ABOUT THIS EXERCISE: Would you repeat the listing below verbatim and drop the images?

DATA SEGMENT:
[Start of section]

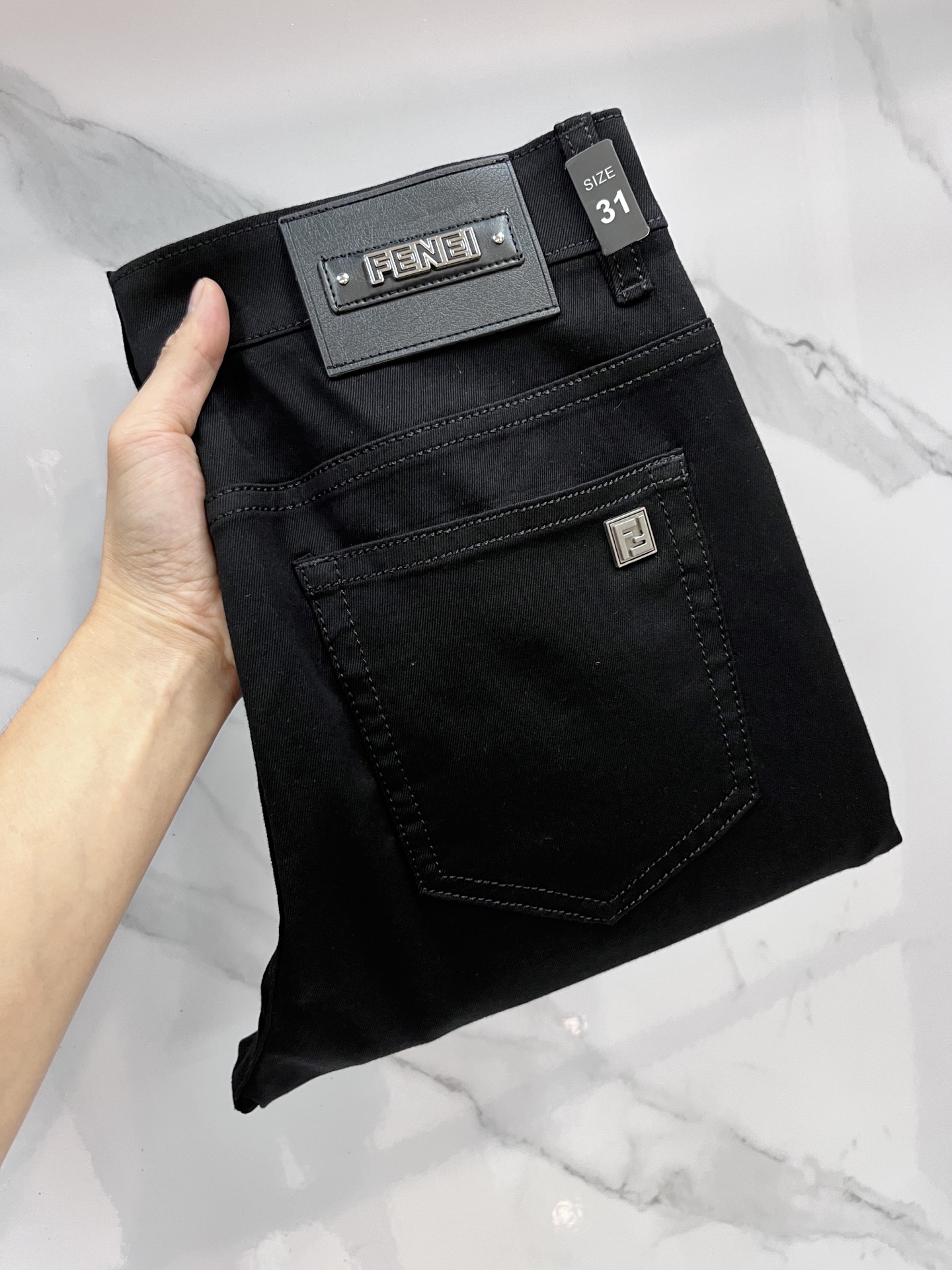 Fendi 2025SS lightweight distressed jeans. Imported stretch denim, comfortable & breathable. Metal hardware, flattering fit. Sizes 29-38.
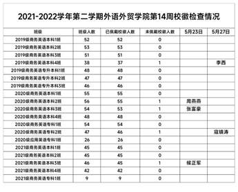 以上是本周纪检考勤情况,其中班级出勤率较差的有:2020级应用英语专科1班和2019级商务英语本科4班。个人出勤率较差的有:2020级商务英语专科2班的董奕,寇镇涛。本周优秀班级有:2021级商务英语本科1班、2021级商务英语专科1班、2020级商务英语本科4班。
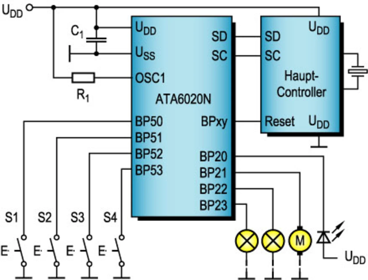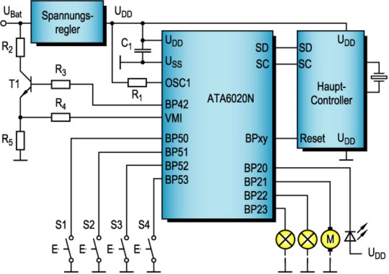 Nachdem der Haupt-Controller seine letzte Aufgabe beendet hat, wird er ausgeschaltet, um die Leistungsaufnahme zu verringern. Der ATA6020N selbst wird in den Power-Down-Modus geschaltet (die CPU befindet sich im Sleep-Modus, während Oszillator und Timer aktiv bleiben). In dieser Betriebsart beträgt die Stromaufnahme des ATA6020N typischerweise 30 µA mit UDD = 5,0 V. Wenn eine der Tasten S1 bis S4 gedrückt wird, empfängt der ATA6020N ein Interrupt-Signal, und der Prozessorkern verlässt sofort den Sleep-Modus. Nach der Entprellung der Taste aktiviert der ATA6020N den Haupt-Controller, der dann über eine Zweidrahtschnittstelle (TWI) die Daten vom ATA6020N einliest und im Normalbetrieb fort fährt.

[End of section]

RESPONSE TO THE TASK:
 Fendi 2025SS lightweight distressed jeans. Imported stretch denim, comfortable & breathable. Metal hardware, flattering fit. Sizes 29-38.
 以上是本周纪检考勤情况,其中班级出勤率较差的有:2020级应用英语专科1班和2019级商务英语本科4班。个人出勤率较差的有:2020级商务英语专科2班的董奕,寇镇涛。本周优秀班级有:2021级商务英语本科1班、2021级商务英语专科1班、2020级商务英语本科4班。
 Nachdem der Haupt-Controller seine letzte Aufgabe beendet hat, wird er ausgeschaltet, um die Leistungsaufnahme zu verringern. Der ATA6020N selbst wird in den Power-Down-Modus geschaltet (die CPU befindet sich im Sleep-Modus, während Oszillator und Timer aktiv bleiben). In dieser Betriebsart beträgt die Stromaufnahme des ATA6020N typischerweise 30 µA mit UDD = 5,0 V. Wenn eine der Tasten S1 bis S4 gedrückt wird, empfängt der ATA6020N ein Interrupt-Signal, und der Prozessorkern verlässt sofort den Sleep-Modus. Nach der Entprellung der Taste aktiviert der ATA6020N den Haupt-Controller, der dann über eine Zweidrahtschnittstelle (TWI) die Daten vom ATA6020N einliest und im Normalbetrieb fort fährt.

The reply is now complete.